Methods: To identify novel PE genes, we performed a multi-ethnic case-control study (n=640 cases/1,457 controls) using samples from 5 U.S academic medical centers. Genotypes were generated using a cardiovascular gene-centric SNP array comprising 2,000 genes selected based on prior genetic studies of cardiovascular diseases and on pathways expected to be important in cardiovascular disease. An additive genetic model with 10 principal components and clinical site of collection as covariates was used to test for genetic association in the European samples (516 cases/1,097 controls). For African-American (18 cases/67 controls) and Hispanic (106 cases/293 controls) samples, we assigned local ancestry at each genotyped position and employed a statistical framework combining SNP and admixture association, increasing power to detect genetic effects in these ethnic groups. Results across ethnicities were combined using a fixed-effects, inverse variance meta-analysis method. Pathway analysis was performed using a gene-set enrichment approach (MAGENTA).
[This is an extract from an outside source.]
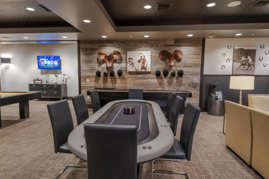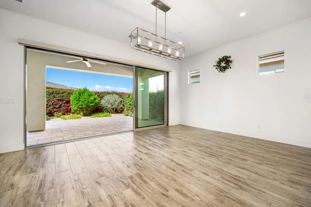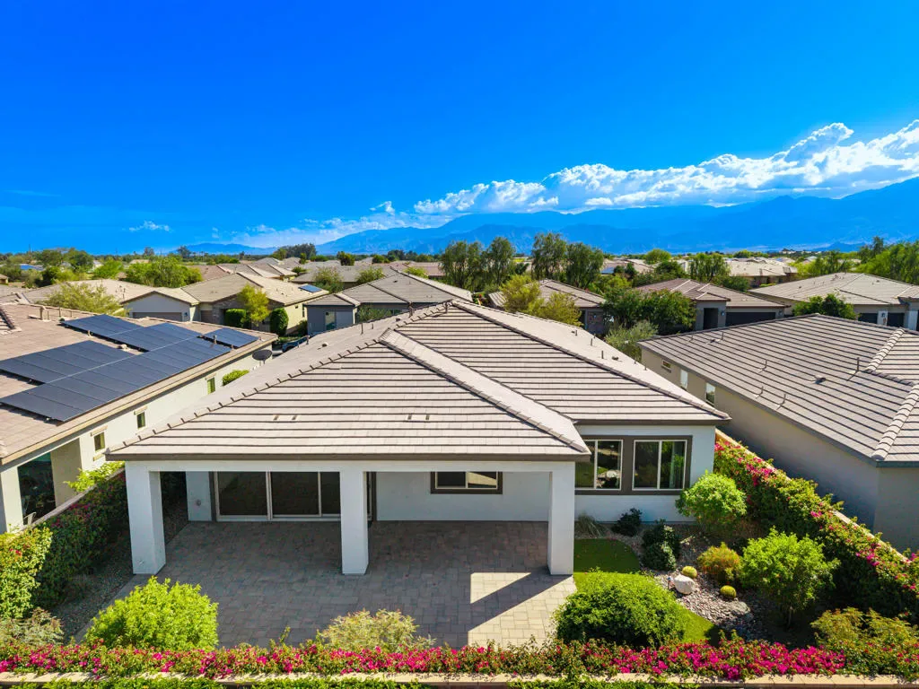 Life at the Trilogy Polo Club is among the finest in the Coachella Valley. This stunning contemporary Liberty model 2,357 square foot, 3-bedroom, 3-full baths home with office, is upgraded to the max. The quality and artful design of the home and natural beauty of the Polo Club resort makes every day living extraordinary. Once inside your greeted by 10 ft. ceilings, sparkling custom lighting, and inviting wide-plank tile floors. Off the hallway is an executive-sized room with tall custom glass doors perfect as an office, study or game room. The great room with a large linear fireplace, 70” big screen TV against a wall of marble is a great place to relax, read, and stream your favorite shows. The windows feature custom electric shades, and a 5-ton Lennox gas heating and cooling system with UV sterilization and whole house attic air filter keep air quality and temperature perfect year-round. A wall of triple glass sliding doors provides a seamless flow between indoor and outdoor living and entertaining. The beautifully landscaped private backyard with covered patio and ceiling fan is a peaceful place to enjoy by day. By night, watch the brilliant colors of the sunset and the landscape light up against the dark night sky. The gourmet kitchen is inspiring with an abundance of custom white shaker cabinets, radiant quartz countertops against a custom glass subway tile backsplash and grand center island with pendant lighting. Upgraded professional stainless appliances include a six-burner gas cooktop and custom range hood, new refrigerator, oven, microwave, and dishwasher. The generous size and pantry make it easy to keep all your cooking appliances neatly tucked away. The spacious primary bedroom is a luxury retreat, with a built-in linear fireplace and above and opening for a 70” TV. The sumptuous bath radiates luxury with quartz counters and a large walk-in shower with custom tiles to the ceiling. The walk-in closet is thoughtful in design with custom built-ins to accommodate even the most prolific shoppers. Two comfortable additional guest bedrooms are located away from the primary bedroom. One is an ensuite with a full bath and walk-in closet while the third guest bedroom with an adjacent full bath, could double as an office with built-in cabinets and shelves plus a closet. The laundry room is oversized with white shaker cabinets, washer, dryer and deep sink. The 2-car plus extra golf cart garage has an epoxy flooring and built-in tool chest and storage.

Results: After quality control, 36,404 SNPs were available for association analysis in Europeans. No study-wide significant (P<2x10-6) associations were observed, but suggestive associations (P<10-5) were seen with SNPs in the genes Suppressor of Ty, domain containing 1 (S. cerevisiae) (SPTY2D1: OR (95%CI) 1.51 (1.27-1.80)) and pleckstrin homology domain containing, family G (with RhoGef domain) member 1 (PLEKHG1; 1.52 (1.26-1.82)). In multi-ethnic meta-analyses, the PLEKHG1 gene association retained strongest evidence of association, and additional suggestive signals at NRG3, PTGIS and GAB2 were observed. Pathway based analysis in Europeans highlighted ‘retinol dehydrogenase activity’ as the most significant gene ontology (GO term; p=3.0x10-4).
Conclusion: While replication studies are required to validate our findings, this study offers possible insights into the etiology of PE and demonstrates the added value of admixture analysis and multi-ethnic studies to the search for susceptibility genes for PE.